Insights from around the world shows that attracting new talent to the shipbuilding industry can been difficult amid rapid population declines, as seen in Japan and Korea. In Korea, the problem has been particularly acute in the past two years, since newbuilding work resumed after the lifting of COVID restrictions. But the situation has its roots in the layoffs that followed the 2014 market downturn, when the workforce was halved from approximately 203,000 workers to around 92,000.

Digital technology can help alleviate recruitment challenges on two fronts: by removing duplicated tasks to enable engineers and naval architects to maximize their productivity, and by making the sector more attractive to younger generations. Technologies such as artificial intelligence, metaverse, and AR/VR/MR have the potential to increase efficiency and attractiveness even further, as we are witnessing a paradigm shift in our society regarding how we live, work and interact – which also impacts shipbuilding.
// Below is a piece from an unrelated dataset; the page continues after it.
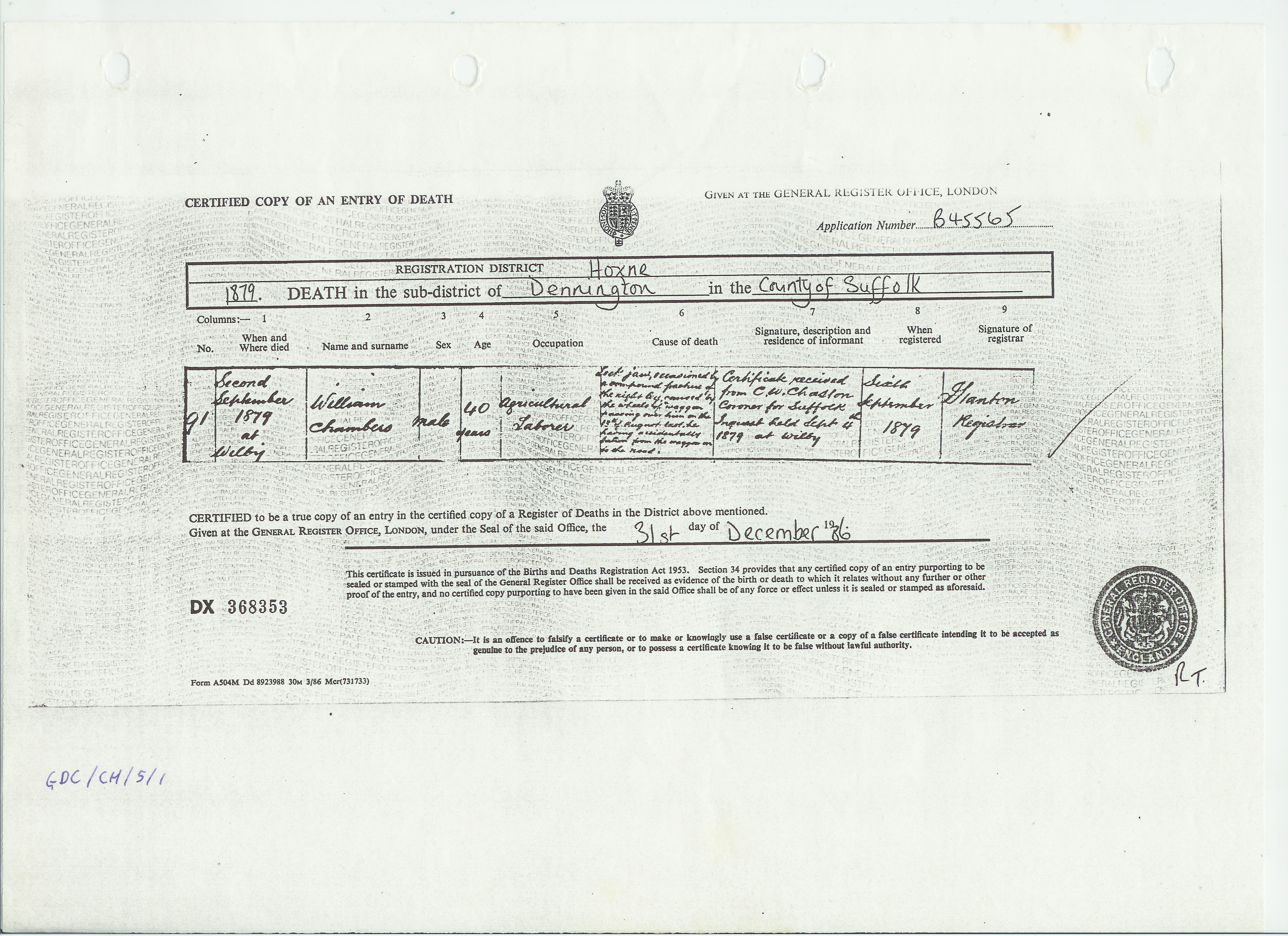 Death in the Registration District of Hoxne, Sub-district of Dennington, Suffolk, 1879, no. 91. Died 2 Sep 1879 at Wilby; William Chambers; Male; age 40; Agricultural labourer. Cause of death: Lock jaw, occasioned by a compound fracture of the right leg caused by the wheels of a wagon passing over him on the 13 August last, he having accidentally fallen from the wagon onto the road.. Informant was C. W. Chaston (signed name); relation: Coroner for Suffolk; was not present at death. The death was registered 6 Sep 1879. Inquest held September 4th 1879 at Wilby

Going forwards, the digital technology revolution unlocks a world of opportunities for shipyards to be more efficient with scarce resources, from creating new value from replacing 2D based methods with smart 3D models to digital twins to production simulation. This enables shipyards to prevent expensive errors during the downstream construction process through digital continuity by integrating computer-aided design (CAD), computer-aided engineering (CAE), and product data management (PDM) workflows using best-of-breed domain solutions.

Revitalizing U.S. shipbuilding is an opportunity to recapture the industry’s innovative and industrial spirit. Beyond strategic policymaking and investments, it will require a heavy focus on shipbuilding efficiency on a practical level. Effective digital transformation that promotes efficiency, innovation, and collaboration from shipyard to sea is key.

By combining the legacy of American industrial ingenuity with global best practices, the U.S. shipbuilding industry can benefit from proven methods, without the cost of lengthy development processes. Ultimately, by embracing innovative digital solutions and fostering collaboration across the value chain, the U.S. can not only enhance its shipbuilding capabilities but also set the industry on a course towards a sustainable and prosperous future.

Mikko Forss is Executive Vice President of NAPA, a maritime software company.

The opinions expressed herein are the author's and not necessarily those of The Maritime Executive.